Последнее обстоятельство особенно дорого для Жуковского. Он постоянно упоминает о нем в своих любовных элегиях и посланиях.
Далекий от каких бы то ни было бурных и ‘мятежных’ аффектов, Жуковский живет в области тихих, уравновешенный чувств и настроений.
Его разочарованность выливается в мечтательную меланхолию. И его меланхолия такова, что он не тяготится ею. Его меланхолия не та меланхолия, которую один классический английский поэт назвал дочерью адского пса Цербера и темной ночи, — не та, которая одушевляет романтиков и граничит с отчаянием. Напротив, свою меланхолию Жуковский считает легкой, находит в ней своеобразную прелесть. Его меланхолия не чужда даже некоторых элементов ‘радости’.
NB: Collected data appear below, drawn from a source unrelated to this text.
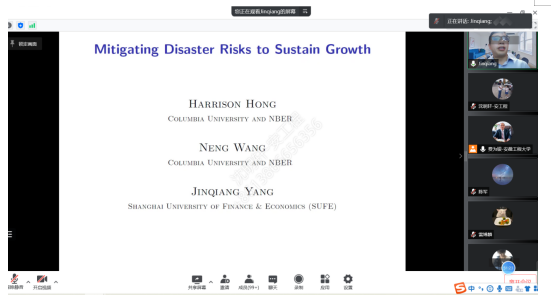 杨金强教授作了题为《Mitigating Disaster Risks to Sustain Growth》的报告。从灾难对及经济社会的影响出发讨论了减灾及预防灾难发生的必要性。通过分析已有文献的不足及经验政策的影响,提出了减灾模型,并详细解释了变量的经济含义。在给定效用函数的条件下,通过求解HJB方程,给出了模型的最优解,并给出了数值仿真例子说明了该理论。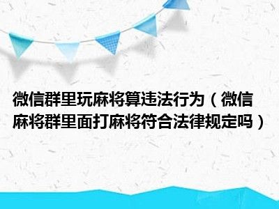 目前大家应该是对微信麻将群里面打麻将符合法律规定吗比较感兴趣的,所以今天CC就来为大家整理了一些关于微信麻将群里面打麻将符合法律规定吗方面的相关知识来分享给大家,希望大家会喜欢哦。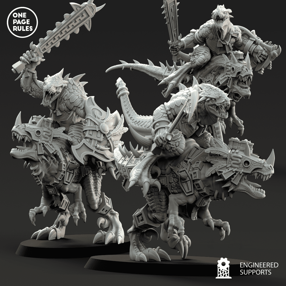 - Los Jinetes de Gelidos son la elección perfecta para aquellos que buscan una unidad de choque rápida y mortal. Su ferocidad en la carga, combinada con la velocidad de los Gelidos, les permite desgarrar las filas enemigas y abrir brechas en las defensas oponentes. Son una adición esencial a cualquier ejército de los Hombres Lagarto.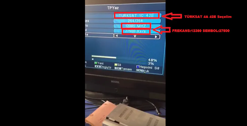 • TP kısmında uydu kısmını TÜRKSAT 4A 42E olarak ayarlayalım.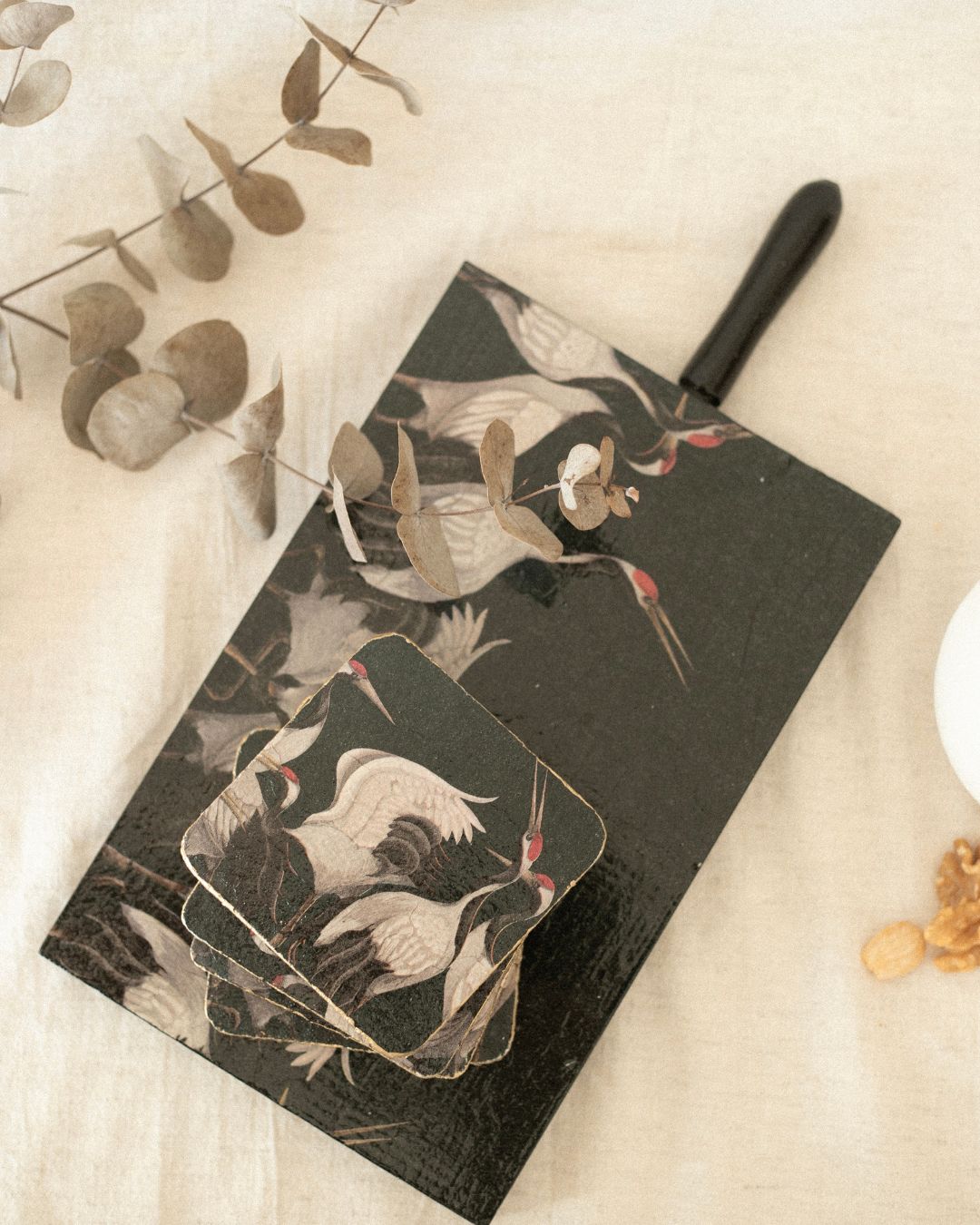 Nuestras tablas están elaboradas en madera con técnica decoupage y pintadas a mano. Medidas: 35cm largo (26cm sin mango) x 17cm ancho x 2cm alto.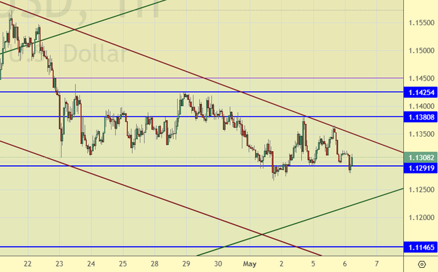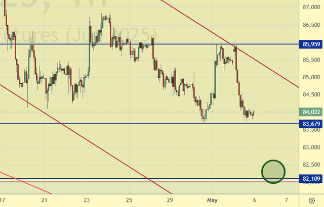 Нарисовали вверх импульс и выполнили цель по нему. Это может привести к тому, что мы продолжим уходить вверх. Нам придется отработать возможность дальнейшего роста после заседания ФРС 7-го мая. То есть завтра. Попробуем купить на откате.

‘Меланхолия, — говорит он, — не есть ни горесть, ни радость: я назвал бы ее оттенком веселия на сердце печального, оттенком уныния на душе счастливца’.*
* Соч. стр. 827.
Уметь реагировать на все ‘житейские бури’ подобным чувством — есть, по его мнению, верх мудрости. Мечтательная меланхолия позволяет ему держаться золотой середины между пессимизмом и оптимизмом. В жизни — не слишком много радостей, но не должно быть слишком много горя — таковы основные выводы, к которым его привел опыт его жизни.
В одном из его, прозаических очерков находится следующая сцена.
Героиня очерков Минвана, гуляя по лугу, встречает трех сестер, которых зовут, Вчера, Ныне, Завтра.
Старшая сестра, Вчера, устремив на Минвану задумчиво-меланхолический взгляд, обращается к ней с назидательной речью. Она советует Минване беззаботно наслаждаться теми грозами, которые дарит настоящее. Но она предупреждает, что ‘Ныне’ очень изменчива и легкомысленна, что нет роз без шипов и что вскоре Минване придется познакомиться с ‘Завтра’ для исцеления своей омраченной души. ‘Тогда, мой друг, веселая Завтра да будет твоим прибежищем. Смотри, она указывает тебе на отдаленный запад: там сияет величественное солнце, там ясней закат напоминает об ясном утре’.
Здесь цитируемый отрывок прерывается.